«Gheddafi ordinò l’attentato di Lockerbie»
Lo ha detto l'ex ministro della giustizia libico, dimessosi la settimana scorsa per protesta contro le violenze
L’ex ministro della giustizia libico, Mustafa Abdel-Jalil, dimessosi nei giorni scorsi per protesta contro l’uso della violenza sui manifestanti, ha detto al corrispondente in Libia del tabloid svedese Expressen di avere «le prove che Muammar Gheddafi ordinò l’attentato di Lockerbie». Abdel-Jalil non ha detto di che genere di prove si tratta. Secondo l’ex ministro, Gheddafi in queste anni avrebbe fatto «qualsiasi cosa in suo potere per tenere nascosto il suo coinvolgimento» e a questo si dovrebbe la sua insistenza per far rimpatriare Abdel Baset al-Megrahi, l’unico uomo condannato per l’attentato.
Il 21 dicembre del 1988, alle 19,03, il volo Pan Am 103 partito da Londra e diretto a New York esplose in volo e si schiantò sulla cittadina di Lockerbie, in Scozia. Morirono tutti le 259 persone che si trovavano a bordo dell’aereo: alcuni furono sbalzati fuori e precipitarono per nove chilometri, molti dei quali a una temperatura di -46 gradi.
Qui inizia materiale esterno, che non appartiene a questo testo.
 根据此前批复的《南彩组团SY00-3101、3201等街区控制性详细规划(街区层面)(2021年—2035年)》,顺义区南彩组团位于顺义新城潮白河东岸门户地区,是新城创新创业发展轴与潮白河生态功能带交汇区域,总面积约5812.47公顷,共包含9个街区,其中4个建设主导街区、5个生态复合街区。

Chi rimase attaccato al sedile morì nello schianto. Morirono anche undici residenti di Lockerbie: le ali dell’aereo colpirono le loro case alla velocità di 800 chilometri orari e praticamente le disintegrarono, creando un cratere lungo 47 metri.
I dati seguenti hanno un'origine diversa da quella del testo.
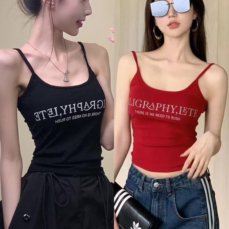新款英文字母印花吊带背心女带胸垫辣妹修身内搭可外穿美背上衣女

Le indagini, svolte congiuntamente tra l’FBI e la polizia di Dumfries e Galloway, nel 1991 accusarono dell’attentato solo due persone: Abdel Basset Ali al-Megrahi, all’epoca ufficiale dell’intelligence libica e capo della sicurezza per Libyan Airways, e Lamin Khalifah Fhimah, responsabile di Libyan Airways all’aeroporto di Malta. La Libia rifiutò per anni di consegnarli e lo fece solo nel 1999, dopo anni di pressioni, negoziati e l’emissione di sanzioni economiche. Megrahi fu condannato all’ergastolo nel 2001, mentre Fhimah fu prosciolto.
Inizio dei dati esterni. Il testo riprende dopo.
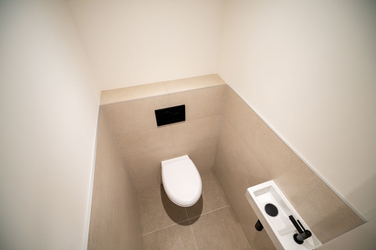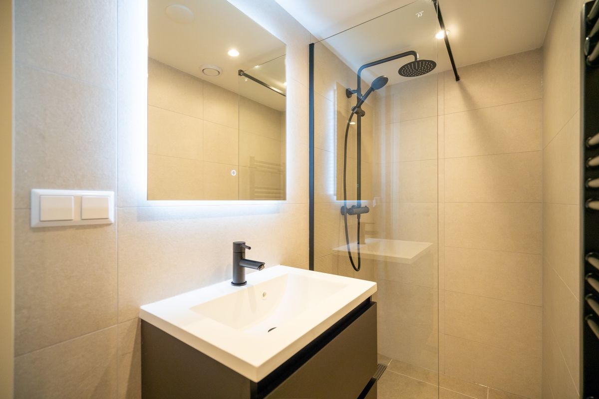 - Een volledig betegelde badkamer met inloopdouche en wastafelmeubel.

Il 20 agosto del 2009, dopo settimane di forti polemiche nazionali e internazionali, le autorità scozzesi hanno deciso di rilasciare al-Megrahi per motivi di salute, sostenendo che fosse malato di cancro e che non gli restassero da vivere più di tre mesi. Megrahi è tornato in Libia applaudito e accolto come un eroe dall’opinione pubblica e dallo stesso Gheddafi: è passato un anno e mezzo ed è ancora vivo. Lo scorso luglio lo stesso medico che gli aveva dato non più di tre mesi di vita ha detto che può campare tranquillamente altri dieci anni.